Raw data:
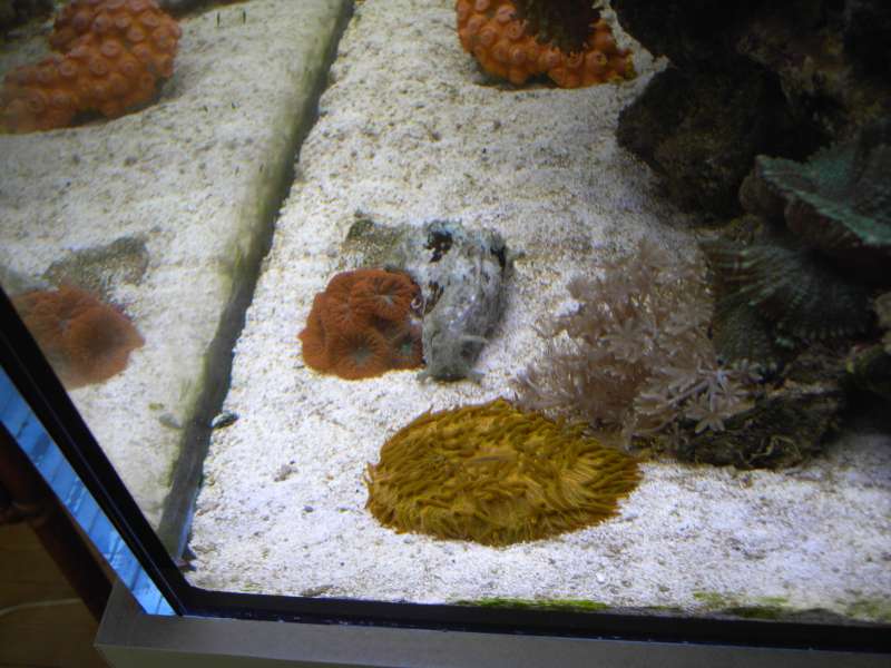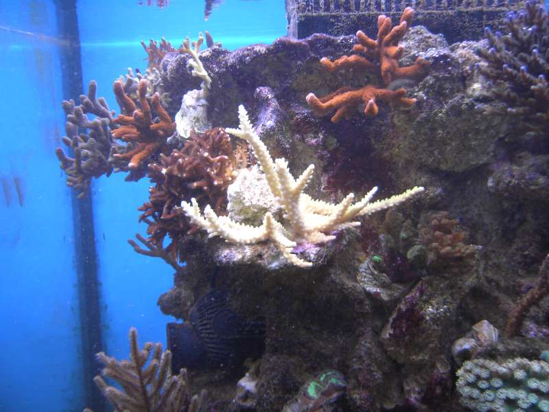 Vi døjer desværre stadig en del med slimalger, men ellers står det hele rigtigt godt pånær den ene røde montipora som langsomt smider vævet. Aner ikke hvorfor... Alt det andet trives fint... Go figure...
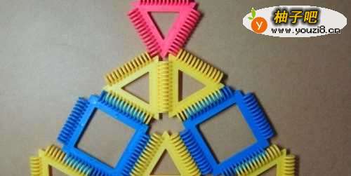 6然后拼装愤怒的小鸟的尾巴部分。由两个三角形积木所组成,摆放的位置,如下图所示。这样一个愤怒的小鸟积木拼装画就做好了。
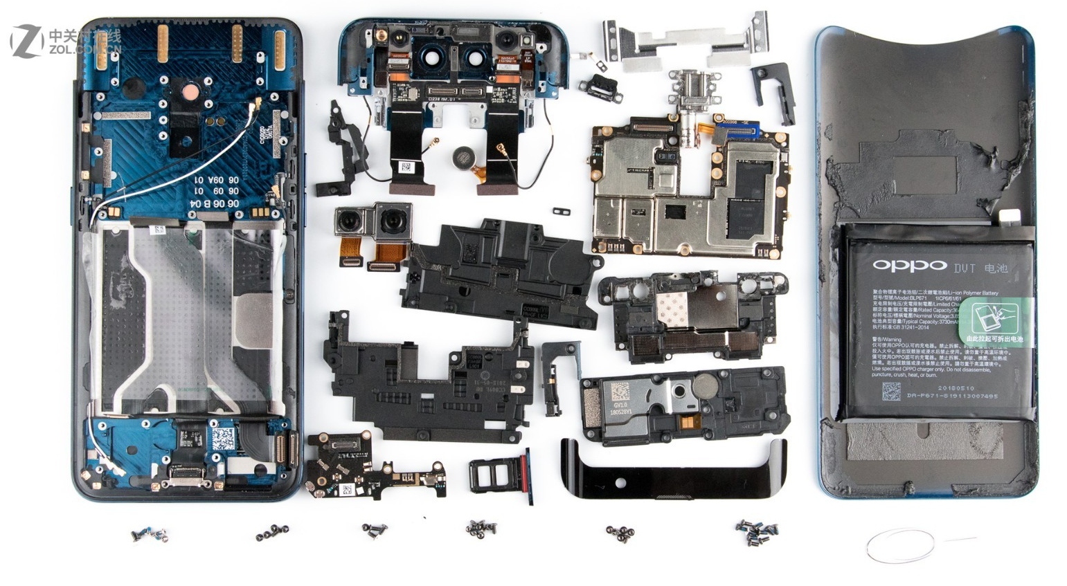 Pentru camera din spate avem un senzor Sony IMX519 de 16 megapixeli, cu stabilizare optică și suport HDR și RAW, dar și o cameră secundară de 20 MP. Cât despre desfacerea telefonului, e mai ușor de spus decât de realizat, Oppo Find X având o grămadă de lipici și multe componente mici și migăloase.

The task:
Since the pictures are not wanted, repeat only the rest of the material, exactly as given.

Exercise output:
 Vi døjer desværre stadig en del med slimalger, men ellers står det hele rigtigt godt pånær den ene røde montipora som langsomt smider vævet. Aner ikke hvorfor... Alt det andet trives fint... Go figure...
 6然后拼装愤怒的小鸟的尾巴部分。由两个三角形积木所组成,摆放的位置,如下图所示。这样一个愤怒的小鸟积木拼装画就做好了。
 Pentru camera din spate avem un senzor Sony IMX519 de 16 megapixeli, cu stabilizare optică și suport HDR și RAW, dar și o cameră secundară de 20 MP. Cât despre desfacerea telefonului, e mai ușor de spus decât de realizat, Oppo Find X având o grămadă de lipici și multe componente mici și migăloase.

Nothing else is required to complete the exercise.